Hi Becky welcome X sorry about your bfn cycle X goodluck with your fet shortly X I'm also doing a FET this cycle X . I have a natural FET so my FET lasts just as long as my cycle which is 27 - 29 days so a month. If I'm right think medicated FET lasts around 4-6 weeks depending on how you respond to drugs but each cycle is different of course I could be wrong but have only had natural FET xx goodluck with your bloods next week X 

Afm: this is the bit I don't like X the waiting for a phone call to say if I have deffo ovulated and to schedule a transfer day in lol X


----------



## Jo_Hopefor2016 (Sep 29, 2014)

Hi Becky - Welcome! Sorry to hear about your failed cycle - great number of frozen embies! We had a failed cycle back in August and an abandoned FET cycle in December. Hoping this cycle is 'The One!' 

Like 8868dee said it all depends on how you respond, I would think if you don't have a period then it'll be medicated, which can take 4-6 weeks.

For example I'm on a medicated cycle and on day 17 of buserelin. I had my baseline scan today and just waiting for them to give me the nod as to when to start progynova tablets, which will help thicken the lining ready for transfer. The nurse said that transfer tends to be 21 days from the start of the tablets, so if I were to start them tomorrow my transfer (all being well) would be around 10th March - obviously this all depends on when I start the tablets!  . This will make my cycle just short of 6 weeks but then I guess with the 2ww it'll take me over 6!!

Sorry for the long winded response but hopefully it'll give you it some idea?? Good luck with your bloods and keep us updated! xx

8868dee - hope you get the call soon! The waiting for me is one of the worse parts of the whole fertility treatment cycle, drives me mad!! Let us know! x


----------



## chloe33Angel (Aug 9, 2015)

Hello ladies,

Would you mind if I joined you? I have just started my first frozen 
cycle on Friday 12th my day 21. Am doing a medicated cycle on buserelin injections daily at the moment after a failed icsi cycle in December 2015.

Had an endometrial scratch on Friday too, praying that makes a difference this time!


----------



## prettysmiles2015 (Jul 24, 2015)

Hi ladies, please can I join you. I've been on the Jan / Feb board for a while but my FET prep is taking AGES  

My lining is 11mm today and I am scheduled for transfer next Thursday. I now have two more injections to go, numbers 33 and 34 respectively and then finally I can change to the cyclogest. I never thought I would actively choose putting things up my bum that make me constipated and fat, over injecting my stomach! But I am READY for a change!
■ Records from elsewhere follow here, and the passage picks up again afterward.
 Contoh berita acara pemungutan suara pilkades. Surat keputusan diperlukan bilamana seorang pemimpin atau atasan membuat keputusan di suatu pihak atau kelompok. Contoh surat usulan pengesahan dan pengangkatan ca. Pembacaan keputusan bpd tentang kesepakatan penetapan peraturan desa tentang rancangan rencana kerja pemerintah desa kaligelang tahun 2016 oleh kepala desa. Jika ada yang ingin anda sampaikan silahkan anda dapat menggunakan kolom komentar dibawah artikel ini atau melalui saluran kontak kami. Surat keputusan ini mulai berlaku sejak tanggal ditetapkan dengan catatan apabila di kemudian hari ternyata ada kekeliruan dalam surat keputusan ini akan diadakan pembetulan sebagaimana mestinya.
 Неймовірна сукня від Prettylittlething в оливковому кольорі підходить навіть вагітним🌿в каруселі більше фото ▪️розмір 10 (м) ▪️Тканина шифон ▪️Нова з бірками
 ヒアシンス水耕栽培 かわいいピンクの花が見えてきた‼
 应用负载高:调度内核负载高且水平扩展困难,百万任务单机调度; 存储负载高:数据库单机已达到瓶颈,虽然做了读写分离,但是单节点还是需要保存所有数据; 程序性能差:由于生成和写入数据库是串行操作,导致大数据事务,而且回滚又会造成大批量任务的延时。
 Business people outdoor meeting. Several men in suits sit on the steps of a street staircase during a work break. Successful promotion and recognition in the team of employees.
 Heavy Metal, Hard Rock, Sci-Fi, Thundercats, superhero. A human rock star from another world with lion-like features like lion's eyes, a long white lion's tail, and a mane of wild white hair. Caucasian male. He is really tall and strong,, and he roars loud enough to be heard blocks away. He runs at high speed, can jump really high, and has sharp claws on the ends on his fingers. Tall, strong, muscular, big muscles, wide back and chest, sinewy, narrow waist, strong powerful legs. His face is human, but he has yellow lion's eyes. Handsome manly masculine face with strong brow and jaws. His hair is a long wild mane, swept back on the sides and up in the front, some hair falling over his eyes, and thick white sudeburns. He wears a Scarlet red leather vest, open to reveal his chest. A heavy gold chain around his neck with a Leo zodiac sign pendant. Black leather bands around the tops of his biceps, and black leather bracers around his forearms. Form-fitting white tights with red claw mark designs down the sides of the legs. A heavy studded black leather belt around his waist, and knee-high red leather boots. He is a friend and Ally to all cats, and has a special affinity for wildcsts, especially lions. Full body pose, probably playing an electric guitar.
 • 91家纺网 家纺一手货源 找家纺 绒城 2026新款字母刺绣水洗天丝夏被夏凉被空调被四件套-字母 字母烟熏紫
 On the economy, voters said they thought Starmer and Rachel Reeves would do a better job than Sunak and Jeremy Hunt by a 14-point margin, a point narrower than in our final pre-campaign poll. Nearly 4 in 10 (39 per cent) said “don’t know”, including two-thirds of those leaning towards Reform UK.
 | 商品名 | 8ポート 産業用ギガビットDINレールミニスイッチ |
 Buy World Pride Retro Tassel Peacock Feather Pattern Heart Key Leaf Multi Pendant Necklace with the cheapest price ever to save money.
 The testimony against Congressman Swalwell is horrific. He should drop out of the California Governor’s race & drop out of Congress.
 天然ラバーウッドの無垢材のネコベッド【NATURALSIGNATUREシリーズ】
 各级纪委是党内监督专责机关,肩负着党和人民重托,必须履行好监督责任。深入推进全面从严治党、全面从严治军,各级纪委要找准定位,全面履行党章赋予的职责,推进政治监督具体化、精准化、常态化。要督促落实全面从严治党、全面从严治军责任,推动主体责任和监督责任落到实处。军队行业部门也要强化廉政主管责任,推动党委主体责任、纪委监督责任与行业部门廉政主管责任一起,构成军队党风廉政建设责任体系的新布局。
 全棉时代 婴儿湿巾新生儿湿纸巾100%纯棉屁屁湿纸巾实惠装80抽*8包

Hope you are well. This is my second FET, last time worked but then I miscarried. Confident that this time will be our time


----------



## 8868dee (May 14, 2008)

Jo: yes the waiting for me is the worst part too X 

Welcome Chloe: sorry your December cycle didn't work X go with the meds and go with ur cycle xx 

Welcome pretty smile X sorry for ur miscarriage love xx it's so hard isn't it xx good luck for this cycle X 

Afm: so I have had my phone call and I'm back in on Friday for more bloods and then can schedule transfer. They said they can see I'm ovulating but they just need to confirm that I have ovulated 100% X


----------



## SparkleBright (Nov 13, 2013)

Thanks ladies .... I'm going to book my bloods for Monday just st want to get started again now 

Xx


----------



## Jo_Hopefor2016 (Sep 29, 2014)

Hi Chloe - Hi and welcome - Sorry to hear about your failed cycle. How are you feeling about your FET? Fingers crossed that this is 'the' cycle this time  

Pretty smiles - Hi, welcome - sorry to hear you've had a bit of a nightmare with your prep. I hope your transfer goes well, i'm the same now about the injections and I'm only 17 days in, it gets very wearing! Sorry to hear about your miscarriage. Sending you lots of love and luck for this cycle.  

8868Dee - did they say when your transfer is likely to be if all confirmed? I hope you get the go ahead on Friday x

I was like that too Sparklebright - I just wanted to feel like i was doing something and making a start! 

AFM the nurse rang back this afternoon. I'm to start progynova tomorrow with a doubled dosage from the off, so 6 tablets a day and transfer is expected to take place on the 9th


----------



## leb84 (Aug 6, 2013)

Waiting for af should be about but can vary! Getting nervous now. Feels like it's been a very long month. Good luck to all who have started. I'm using hrt when my cycle starts. Then utrogesan vaginally when they tell me to. Anyone else using these? X


----------



## Clairemariearan (Nov 5, 2015)

Hi everyone 

Just a quickie to say had my scan today and the environment is all good (lining 9mm) for my frostie, so transfer booked for Tuesday at 11am. Excited now! 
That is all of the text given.